§ **Task instructions**: Could the data below be retyped exactly, without its pictures?

§ **Data below**:
>>>

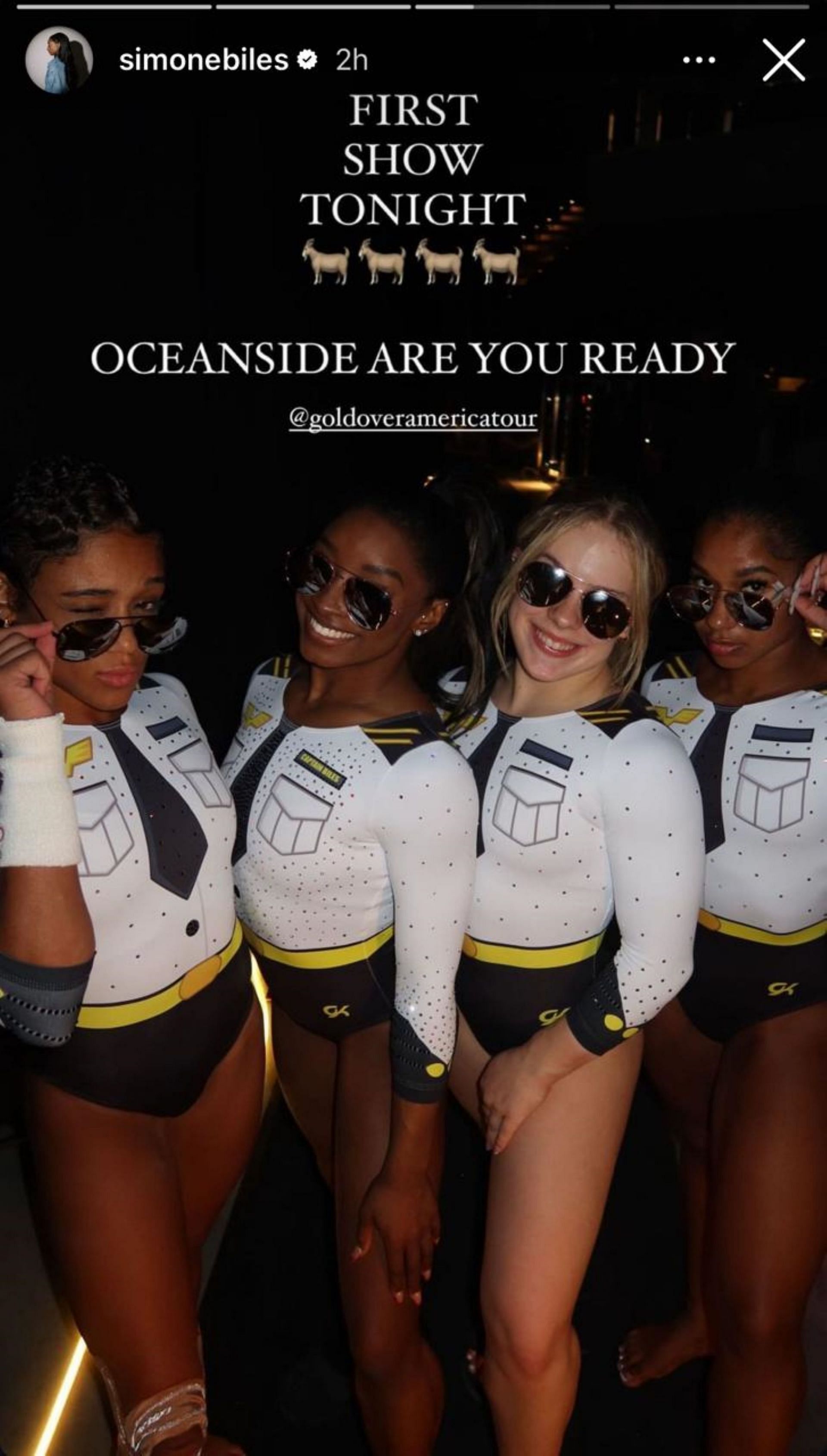 In her following story, Biles, Jordan Chiles, Joscelyn Roberson, and Melanie de Jesus dos Santos showed off their police uniform-inspired leotards and sunglasses.
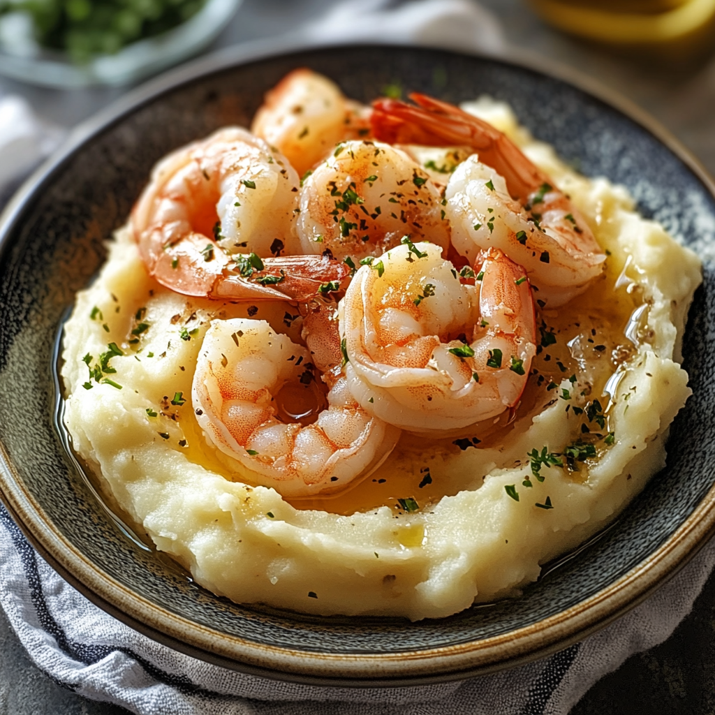 Un plat délicieux alliant crevettes savoureuses et purée de pommes de terre crémeuse, parfait pour un dîner raffiné !
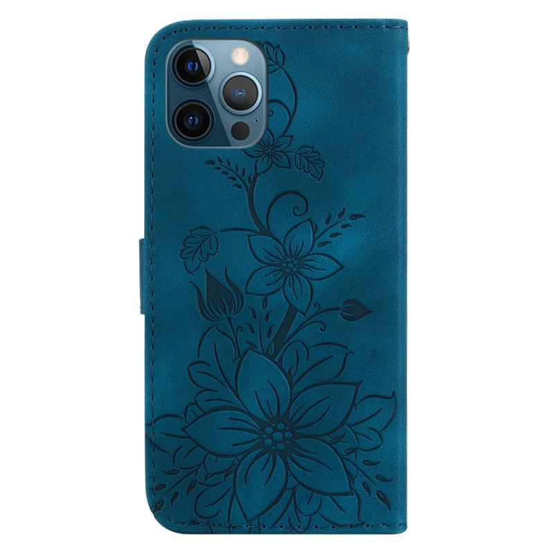 For iPhone 12 Pro Max Lily Embossed Leather Phone Case(Dark Blue)
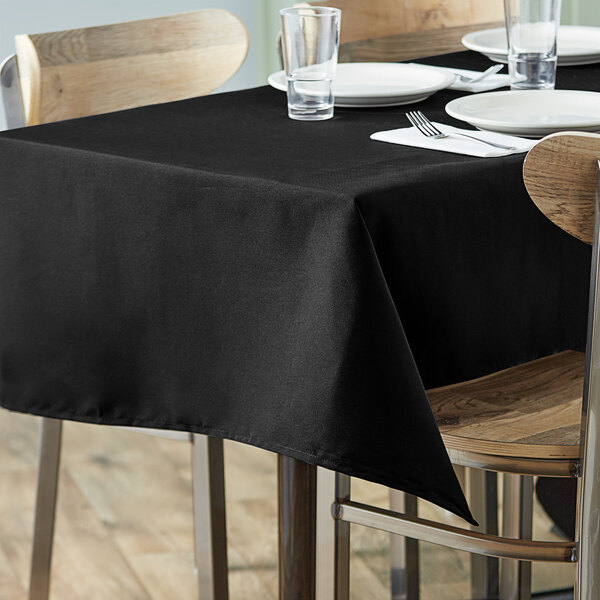 Enhance your dining experience with the Choice rectangular black seamless 100% spun polyester hemmed cloth table cover.

<<<

§ **Written reply**:
 In her following story, Biles, Jordan Chiles, Joscelyn Roberson, and Melanie de Jesus dos Santos showed off their police uniform-inspired leotards and sunglasses.
 Un plat délicieux alliant crevettes savoureuses et purée de pommes de terre crémeuse, parfait pour un dîner raffiné !
 For iPhone 12 Pro Max Lily Embossed Leather Phone Case(Dark Blue)
 Enhance your dining experience with the Choice rectangular black seamless 100% spun polyester hemmed cloth table cover.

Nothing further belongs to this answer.